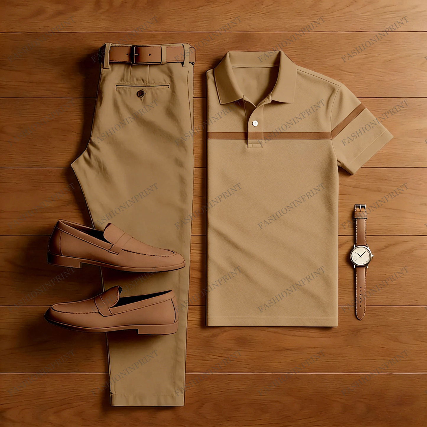 Men's Casual Tan Striped Printed Short Sleeved Polo Shirt & Trousers Two-Piece Set
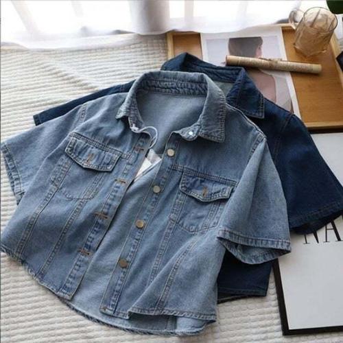 봄 셔츠 단정무드 소프트 여자 자켓 반팔 크롭 여름 여성 봄자켓 청자켓 데님재킷 봄패션 여자
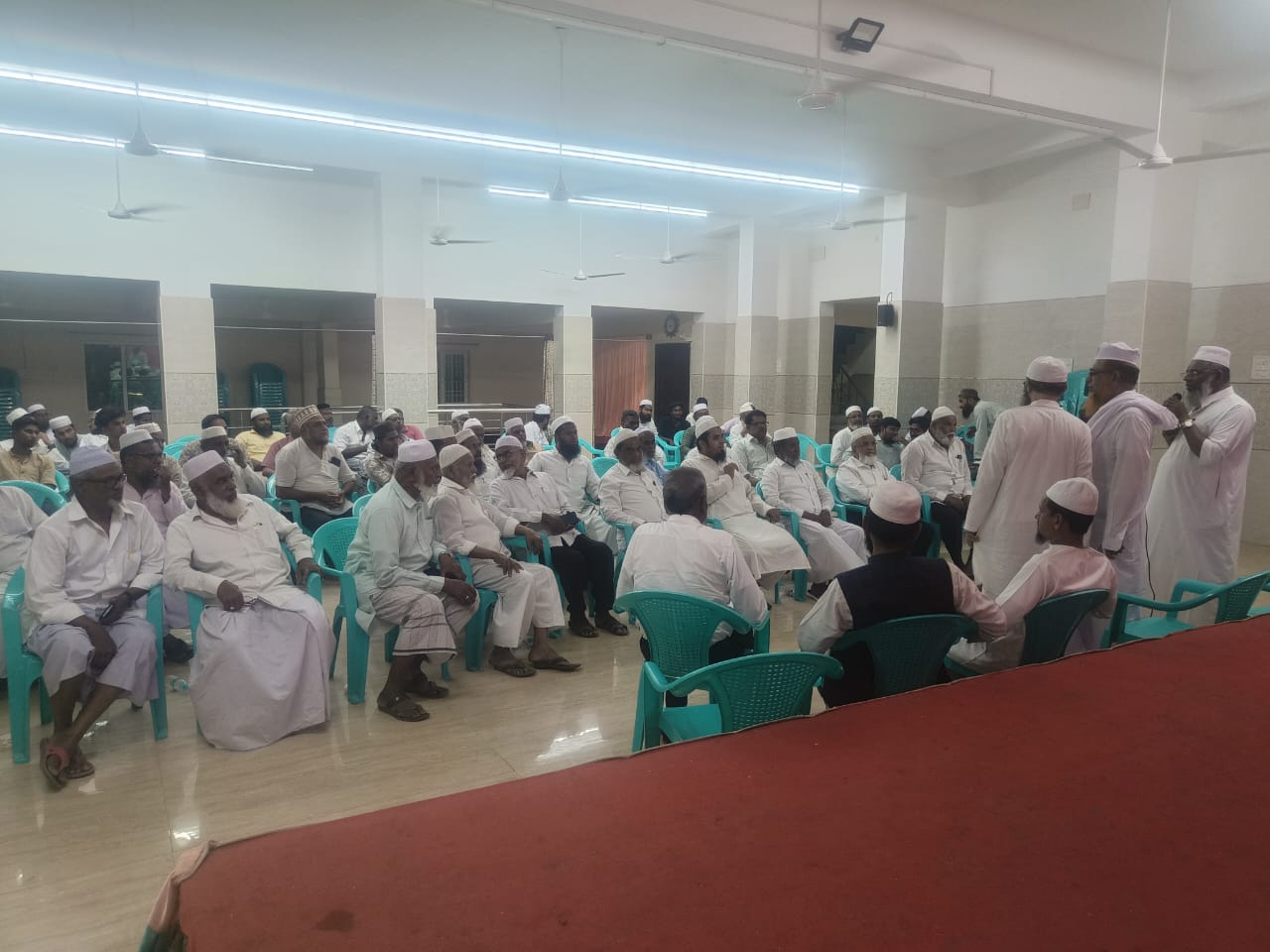 In which the imams and elders of 25 mosques participated. In the presence of Maulana Mansoor Ahmad Sahib Kashifi (President Jamiat Ulama Tamil Nadu) and Haji Hasan Ahmad Sahib (General Secretary Jamiat Ulama Tamil Nadu) an adhoc committee was formed with the following persons.

**WORK ITEM**:
Retype exactly, and only, the lines from the one containing "봄 셔츠 단정무드 소프트" through the end of the material, leaving aside every picture.

**ANSWER BELOW**:
 봄 셔츠 단정무드 소프트 여자 자켓 반팔 크롭 여름 여성 봄자켓 청자켓 데님재킷 봄패션 여자
 In which the imams and elders of 25 mosques participated. In the presence of Maulana Mansoor Ahmad Sahib Kashifi (President Jamiat Ulama Tamil Nadu) and Haji Hasan Ahmad Sahib (General Secretary Jamiat Ulama Tamil Nadu) an adhoc committee was formed with the following persons.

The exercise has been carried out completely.